Records:
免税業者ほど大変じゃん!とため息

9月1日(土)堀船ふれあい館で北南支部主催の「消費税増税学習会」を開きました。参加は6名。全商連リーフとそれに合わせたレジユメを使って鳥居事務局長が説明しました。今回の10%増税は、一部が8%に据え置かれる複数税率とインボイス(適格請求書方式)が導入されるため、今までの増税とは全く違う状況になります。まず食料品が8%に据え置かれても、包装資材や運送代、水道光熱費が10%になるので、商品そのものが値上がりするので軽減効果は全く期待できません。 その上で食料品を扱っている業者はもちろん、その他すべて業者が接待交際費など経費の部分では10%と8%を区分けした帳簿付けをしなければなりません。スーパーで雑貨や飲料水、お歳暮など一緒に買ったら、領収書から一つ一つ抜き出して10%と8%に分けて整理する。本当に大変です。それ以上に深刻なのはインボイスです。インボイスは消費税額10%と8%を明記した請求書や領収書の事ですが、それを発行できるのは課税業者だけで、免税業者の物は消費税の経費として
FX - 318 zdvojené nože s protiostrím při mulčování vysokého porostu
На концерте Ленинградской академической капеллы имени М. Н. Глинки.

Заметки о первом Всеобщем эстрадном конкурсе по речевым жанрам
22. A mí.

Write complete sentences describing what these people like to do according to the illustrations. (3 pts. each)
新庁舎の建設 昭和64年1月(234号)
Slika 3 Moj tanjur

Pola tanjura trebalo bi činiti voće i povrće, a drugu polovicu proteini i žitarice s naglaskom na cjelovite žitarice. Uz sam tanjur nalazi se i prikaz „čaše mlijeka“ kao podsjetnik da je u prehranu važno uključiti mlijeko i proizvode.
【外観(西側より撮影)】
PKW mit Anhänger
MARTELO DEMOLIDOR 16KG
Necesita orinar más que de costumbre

Exercise: Copy each line holding "tanjur" from the material above.

Reply to the task:
Slika 3 Moj tanjur
Pola tanjura trebalo bi činiti voće i povrće, a drugu polovicu proteini i žitarice s naglaskom na cjelovite žitarice. Uz sam tanjur nalazi se i prikaz „čaše mlijeka“ kao podsjetnik da je u prehranu važno uključiti mlijeko i proizvode.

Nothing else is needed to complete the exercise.